We can start by making some points, then turning them into a polygon. We’ll just use arbitrary coordinates for now, but will move into GPS latitude-longitude coordinates shortly. We’ll use st_multipoint to create our points object. It takes a numeric matrix only.

myPoints = tribble(~X, ~Y,
                   0, 0,
                   0, 4,
                   1, 4,
                   1, 1,
                   .5, 0,
                   0, 0)

myPoints = st_multipoint(as.matrix(myPoints))
plot(myPoints)

Making polygons

We’ve begun making our first spatial object! Now, we can turn it into a polygon under one condition: the polygon has to “close” in order for R to know which side is the inside. In myPoints, the last point is identical to the first point, so R will “close” it:

plot(st_polygon(list(myPoints)), col = 'darkgreen')

That’s just one polylgon. Let’s add another one. When we created the polygon, we put the points object, myPoints, into a list. If we have a list of, say, two points objects, then we’ll get two polygons:

myPoints2 = tribble(~X, ~Y,
                    1,1,
                    2,1,
                    2,2,
                    1,2,
                    1,1)
                    
myPoints2 = st_multipoint(as.matrix(myPoints2))

myPolygons = st_polygon(list(myPoints, myPoints2))
plot(myPolygons, col = 'lightblue')

Now we can see two polygons. Looking at the structure of the polygons:

str(myPolygons)

List of 2
 $ : 'XY' num [1:6, 1:2] 0 0 1 1 0.5 0 0 4 4 1 ...
  ..- attr(*, "dimnames")=List of 2
  .. ..$ : NULL
  .. ..$ : chr [1:2] "X" "Y"
 $ : 'XY' num [1:5, 1:2] 1 2 2 1 1 1 1 2 2 1
  ..- attr(*, "dimnames")=List of 2
  .. ..$ : NULL
  .. ..$ : chr [1:2] "X" "Y"
 - attr(*, "class")= chr [1:3] "XY" "POLYGON" "sfg"

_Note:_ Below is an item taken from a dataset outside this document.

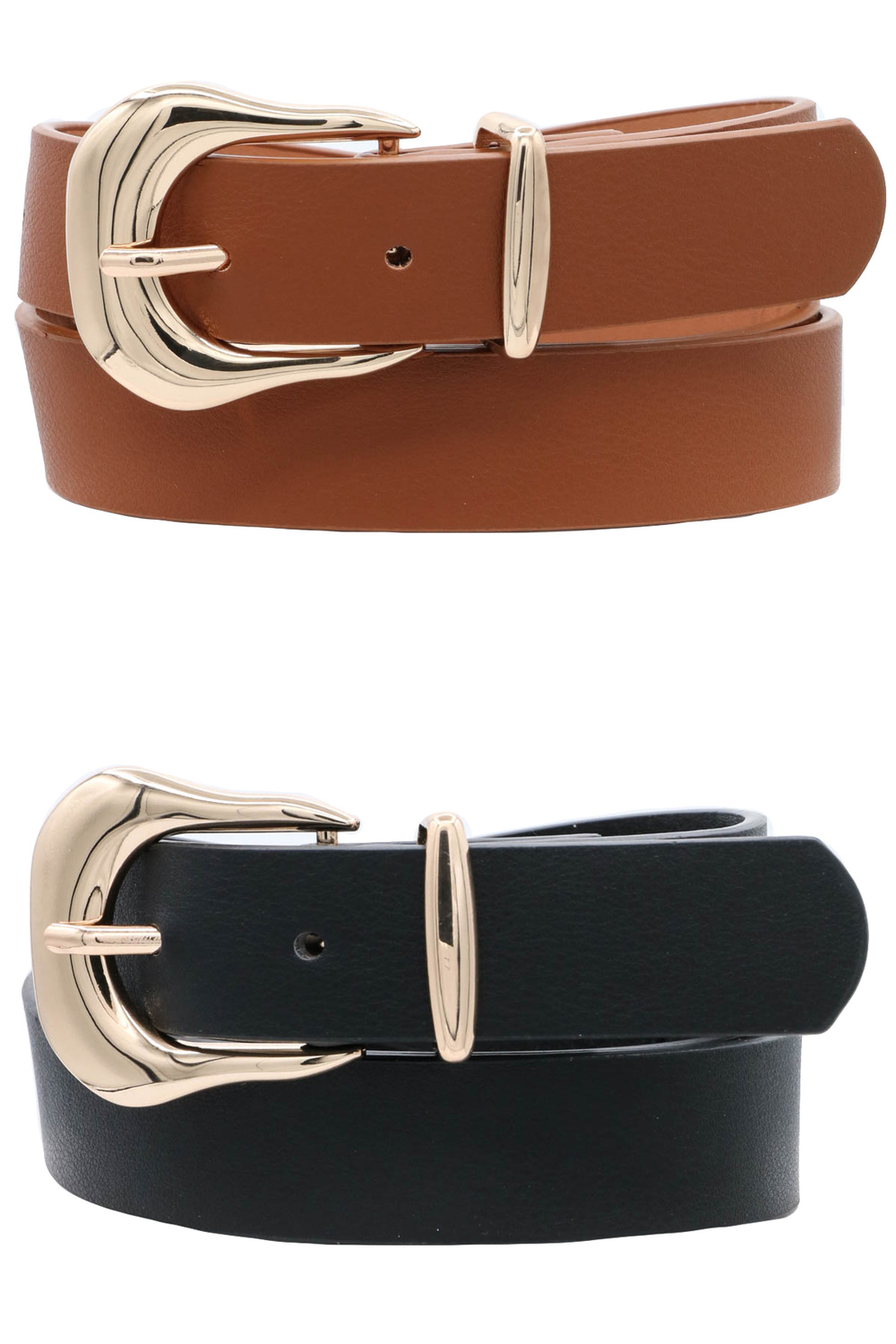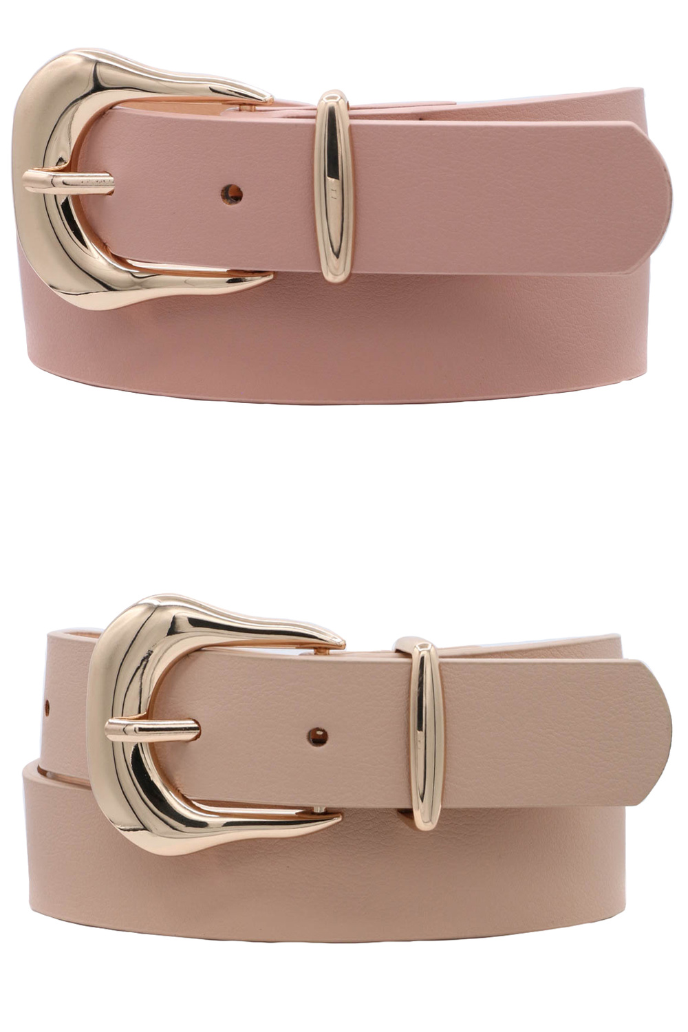 - Sleek dainty belt featuring a fluid U-shaped buckle with double metal loop detailing. A minimalist accessory designed to elevate everyday and dressy looks.

Notice that one of the classes is sfg. This is a sf package-defined spatial object.

Getting points on a plot

One little-known trick in R is super helpful in spatial work. If you plot(myPolygons) in your own R-studio console (so it appears in your “Plots” pane, not knit into your document), you can use click(n) to interactively get \(n\) spatial points in the coordinate system of your plot.

myClicks = click(n = 3)
myClicks = rbind(myClicks, myClicks[1,])  # copy the first point to the last point to "close"
myNewPolygon = st_polygon(list(st_multipoint(myClicks)))
plot(myPolygons, col = 'lightblue')
plot(myNewPolygon, col = 'green', add=T)

Making lines

We could also create a line with our points. I’ll leave off the one point we added to “close” the polygon. Note that the line is colored blue, not the (uncompleted) polygon.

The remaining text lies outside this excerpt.